Instructions for the task: The expected answer is the set of lines in the data below between the line holding "昨日 Rireマルシェ 三重トヨペット上野東インター店様" and the line holding "TOYOTA TACOMA 3.5", inclusive, written out exactly.

Data supplied:
━━━

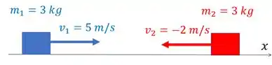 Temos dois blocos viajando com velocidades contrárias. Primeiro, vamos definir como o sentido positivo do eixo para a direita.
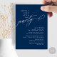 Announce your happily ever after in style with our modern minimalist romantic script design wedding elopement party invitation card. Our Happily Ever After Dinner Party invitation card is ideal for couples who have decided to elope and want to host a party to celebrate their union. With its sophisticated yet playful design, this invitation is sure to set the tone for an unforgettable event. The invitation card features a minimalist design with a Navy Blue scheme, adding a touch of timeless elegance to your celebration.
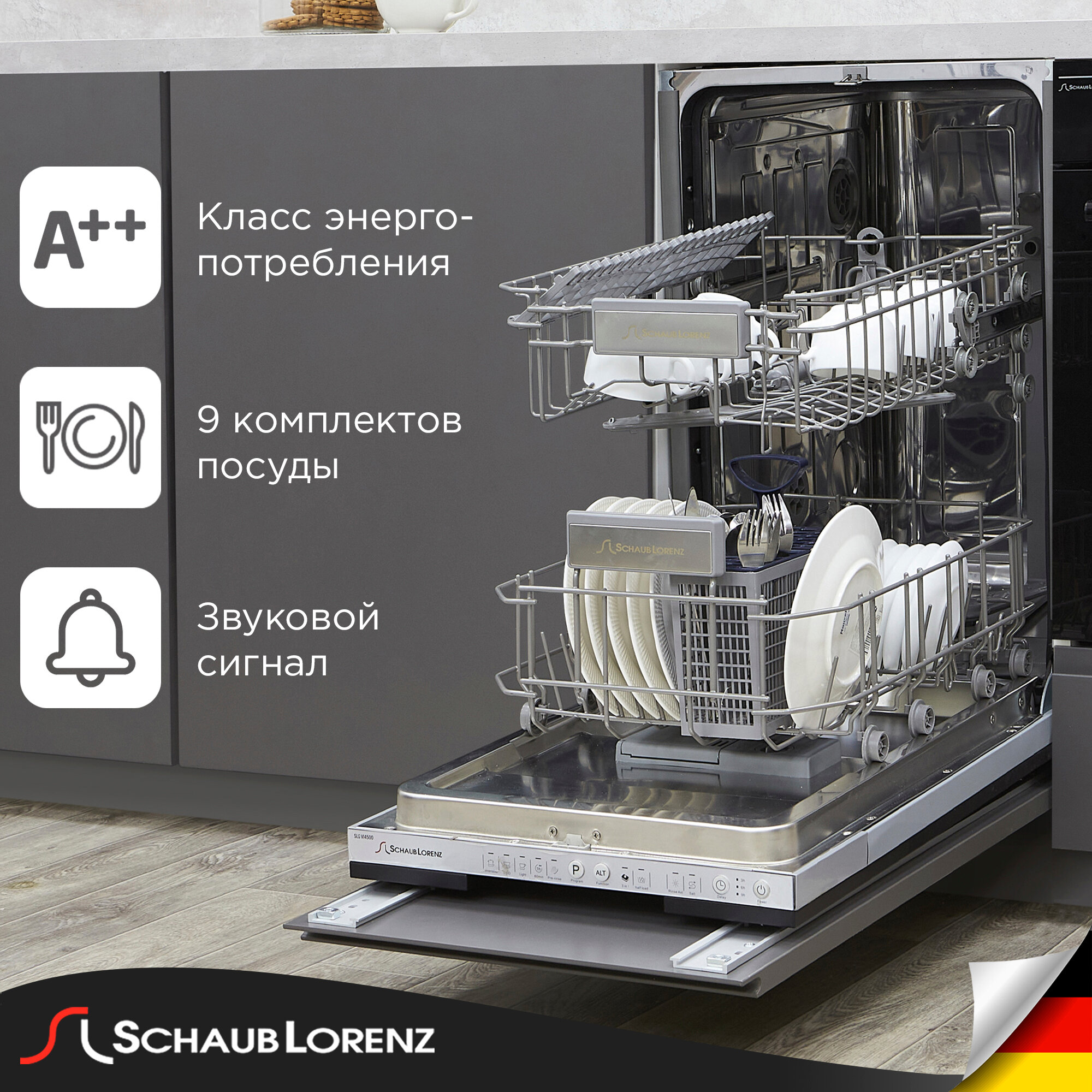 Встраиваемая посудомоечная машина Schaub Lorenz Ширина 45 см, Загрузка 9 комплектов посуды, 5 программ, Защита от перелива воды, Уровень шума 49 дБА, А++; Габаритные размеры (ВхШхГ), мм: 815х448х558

━━━

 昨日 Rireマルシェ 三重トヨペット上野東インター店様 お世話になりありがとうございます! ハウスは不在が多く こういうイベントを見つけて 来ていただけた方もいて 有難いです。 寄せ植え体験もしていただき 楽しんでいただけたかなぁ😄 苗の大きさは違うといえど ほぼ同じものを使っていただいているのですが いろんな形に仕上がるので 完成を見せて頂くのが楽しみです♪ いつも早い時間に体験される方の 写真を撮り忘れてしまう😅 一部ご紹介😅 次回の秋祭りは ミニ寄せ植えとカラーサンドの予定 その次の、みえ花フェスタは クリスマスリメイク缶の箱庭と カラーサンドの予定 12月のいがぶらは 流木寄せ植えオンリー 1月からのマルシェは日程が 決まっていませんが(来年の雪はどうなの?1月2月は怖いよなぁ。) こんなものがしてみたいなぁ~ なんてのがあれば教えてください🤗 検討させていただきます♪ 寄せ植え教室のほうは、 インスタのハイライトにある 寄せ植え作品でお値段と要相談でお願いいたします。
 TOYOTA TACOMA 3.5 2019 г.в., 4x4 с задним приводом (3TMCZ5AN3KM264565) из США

━━━

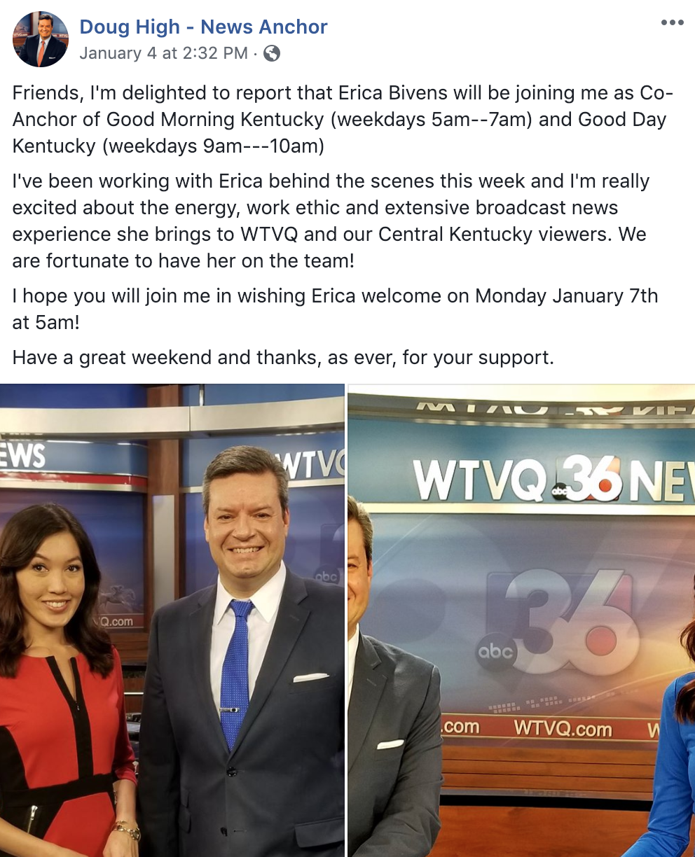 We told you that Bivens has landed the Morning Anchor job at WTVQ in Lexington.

━━━

Finished exercise:
 昨日 Rireマルシェ 三重トヨペット上野東インター店様 お世話になりありがとうございます! ハウスは不在が多く こういうイベントを見つけて 来ていただけた方もいて 有難いです。 寄せ植え体験もしていただき 楽しんでいただけたかなぁ😄 苗の大きさは違うといえど ほぼ同じものを使っていただいているのですが いろんな形に仕上がるので 完成を見せて頂くのが楽しみです♪ いつも早い時間に体験される方の 写真を撮り忘れてしまう😅 一部ご紹介😅 次回の秋祭りは ミニ寄せ植えとカラーサンドの予定 その次の、みえ花フェスタは クリスマスリメイク缶の箱庭と カラーサンドの予定 12月のいがぶらは 流木寄せ植えオンリー 1月からのマルシェは日程が 決まっていませんが(来年の雪はどうなの?1月2月は怖いよなぁ。) こんなものがしてみたいなぁ~ なんてのがあれば教えてください🤗 検討させていただきます♪ 寄せ植え教室のほうは、 インスタのハイライトにある 寄せ植え作品でお値段と要相談でお願いいたします。
 TOYOTA TACOMA 3.5 2019 г.в., 4x4 с задним приводом (3TMCZ5AN3KM264565) из США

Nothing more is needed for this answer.